Listed records ▸
────────
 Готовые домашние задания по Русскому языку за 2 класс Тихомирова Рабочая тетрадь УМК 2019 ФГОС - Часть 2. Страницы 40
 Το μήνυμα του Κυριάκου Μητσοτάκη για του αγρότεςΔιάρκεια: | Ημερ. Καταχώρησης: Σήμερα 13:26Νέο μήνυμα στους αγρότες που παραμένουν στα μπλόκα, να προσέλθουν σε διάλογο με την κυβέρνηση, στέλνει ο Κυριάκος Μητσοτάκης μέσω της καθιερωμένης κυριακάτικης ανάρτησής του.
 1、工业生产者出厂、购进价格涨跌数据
────────
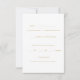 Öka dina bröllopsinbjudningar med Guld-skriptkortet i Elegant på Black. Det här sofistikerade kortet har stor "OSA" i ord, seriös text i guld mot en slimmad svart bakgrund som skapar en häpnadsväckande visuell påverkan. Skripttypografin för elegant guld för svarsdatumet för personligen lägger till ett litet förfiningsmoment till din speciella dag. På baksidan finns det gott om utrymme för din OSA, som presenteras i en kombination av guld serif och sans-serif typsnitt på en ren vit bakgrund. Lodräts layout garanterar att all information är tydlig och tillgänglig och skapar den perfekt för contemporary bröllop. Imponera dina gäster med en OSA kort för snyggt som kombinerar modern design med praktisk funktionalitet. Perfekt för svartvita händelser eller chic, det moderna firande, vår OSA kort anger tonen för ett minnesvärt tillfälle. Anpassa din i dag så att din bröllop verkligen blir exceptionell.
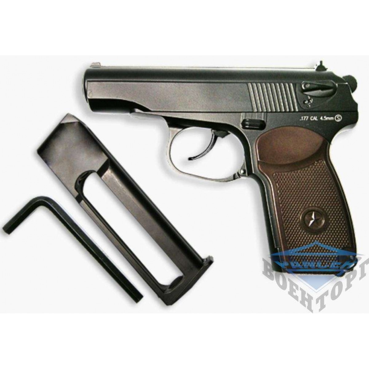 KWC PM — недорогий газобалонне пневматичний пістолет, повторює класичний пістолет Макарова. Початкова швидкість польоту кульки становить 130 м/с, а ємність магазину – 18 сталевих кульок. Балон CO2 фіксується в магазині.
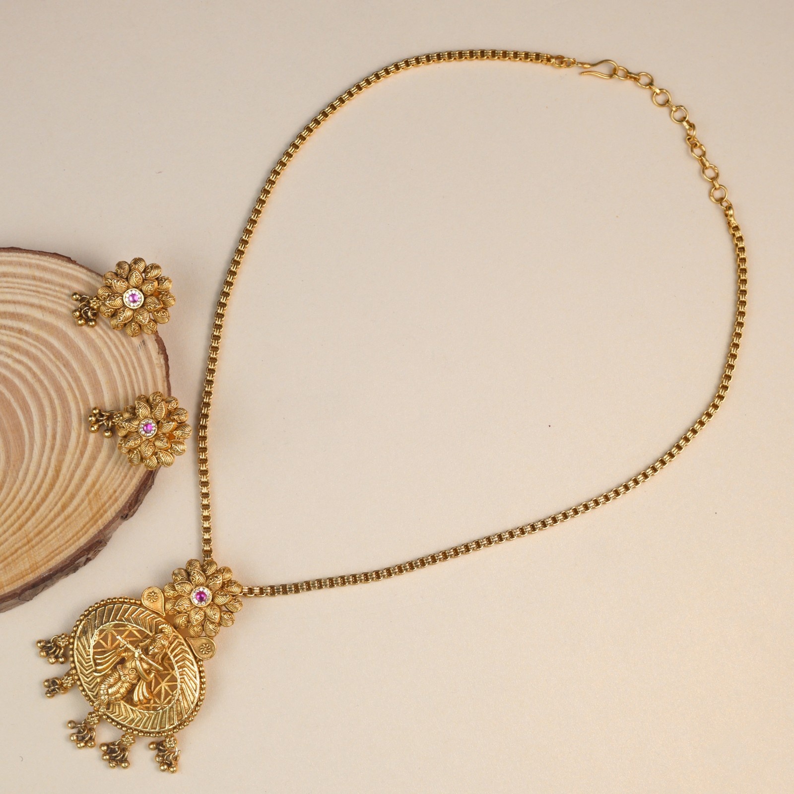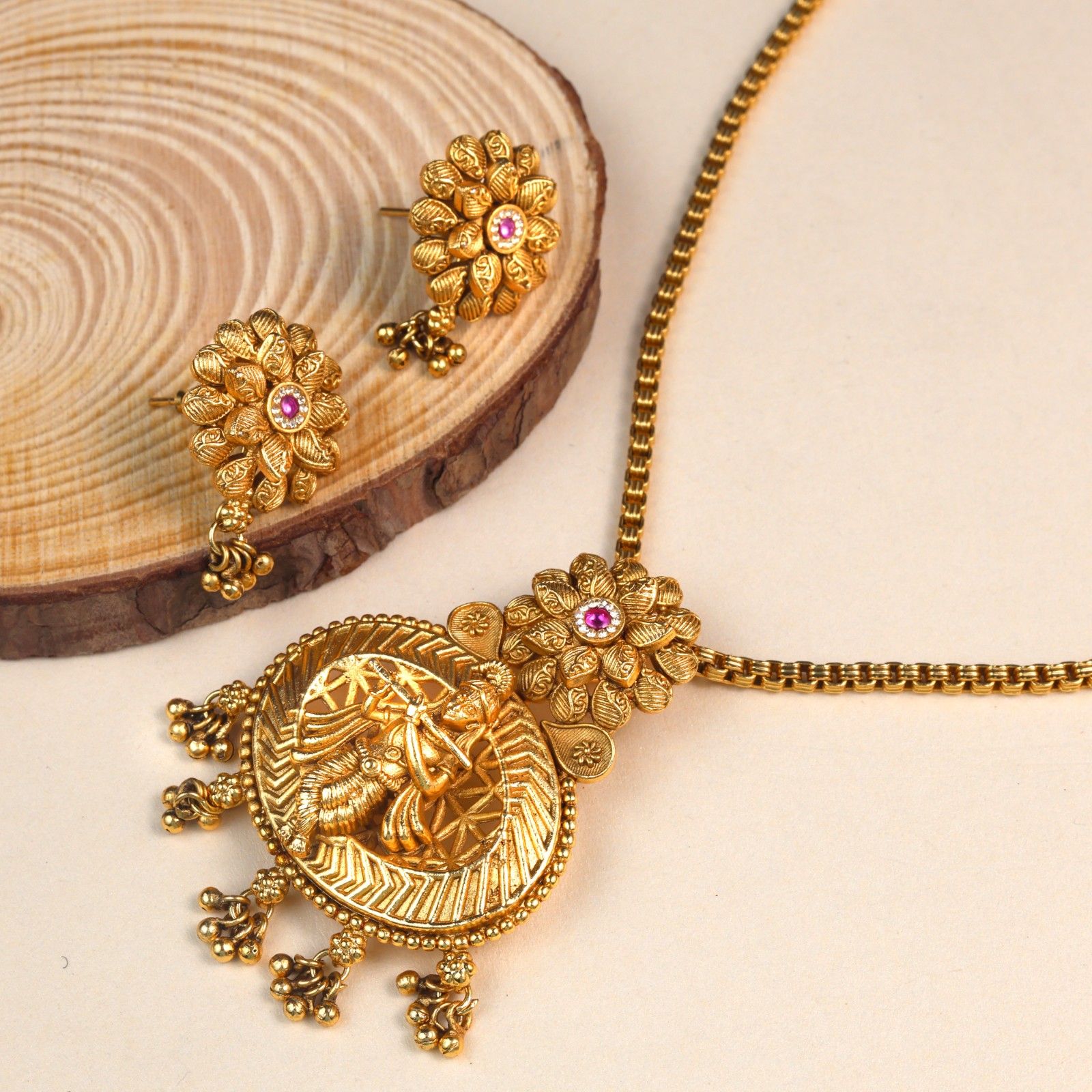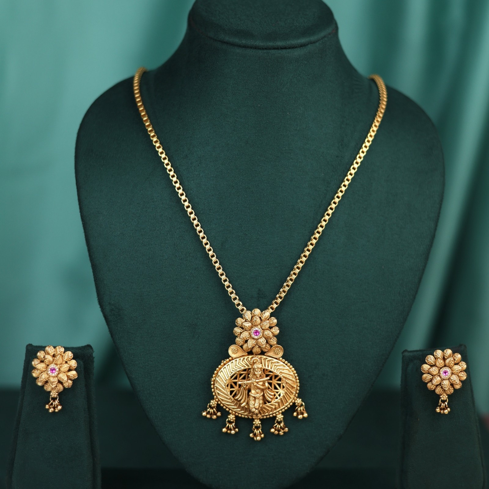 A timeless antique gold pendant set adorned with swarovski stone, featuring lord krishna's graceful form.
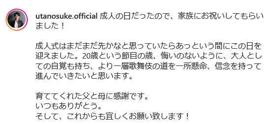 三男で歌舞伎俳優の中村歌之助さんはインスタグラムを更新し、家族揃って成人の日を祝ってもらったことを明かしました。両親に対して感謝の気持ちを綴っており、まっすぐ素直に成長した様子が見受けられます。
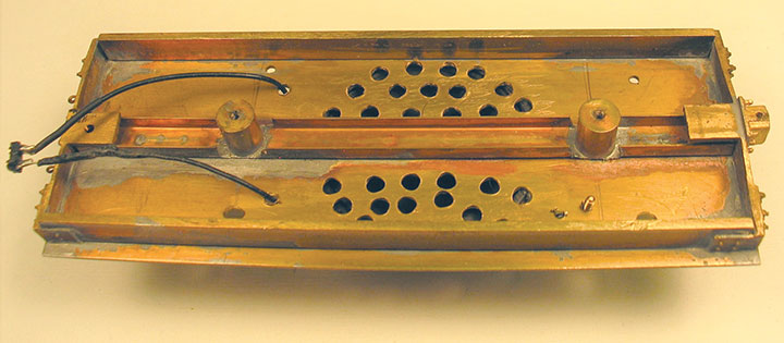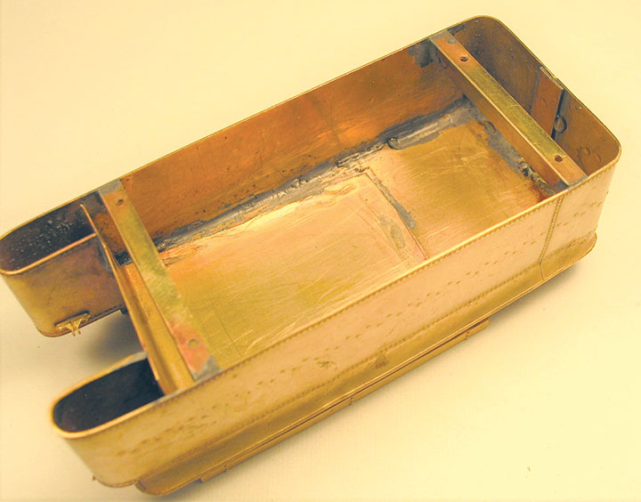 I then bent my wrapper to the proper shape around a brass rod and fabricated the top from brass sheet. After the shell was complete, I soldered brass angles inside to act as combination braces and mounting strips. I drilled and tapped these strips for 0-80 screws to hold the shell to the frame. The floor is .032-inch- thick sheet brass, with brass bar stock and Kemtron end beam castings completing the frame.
────────
Action item ▸ Retype only this portion of the data above: the line containing "Готовые домашние задания", the line containing "1、工业生产者出厂、购进价格涨跌数据", and all lines between them, exactly.

Answer below ▸
 Готовые домашние задания по Русскому языку за 2 класс Тихомирова Рабочая тетрадь УМК 2019 ФГОС - Часть 2. Страницы 40
 Το μήνυμα του Κυριάκου Μητσοτάκη για του αγρότεςΔιάρκεια: | Ημερ. Καταχώρησης: Σήμερα 13:26Νέο μήνυμα στους αγρότες που παραμένουν στα μπλόκα, να προσέλθουν σε διάλογο με την κυβέρνηση, στέλνει ο Κυριάκος Μητσοτάκης μέσω της καθιερωμένης κυριακάτικης ανάρτησής του.
 1、工业生产者出厂、购进价格涨跌数据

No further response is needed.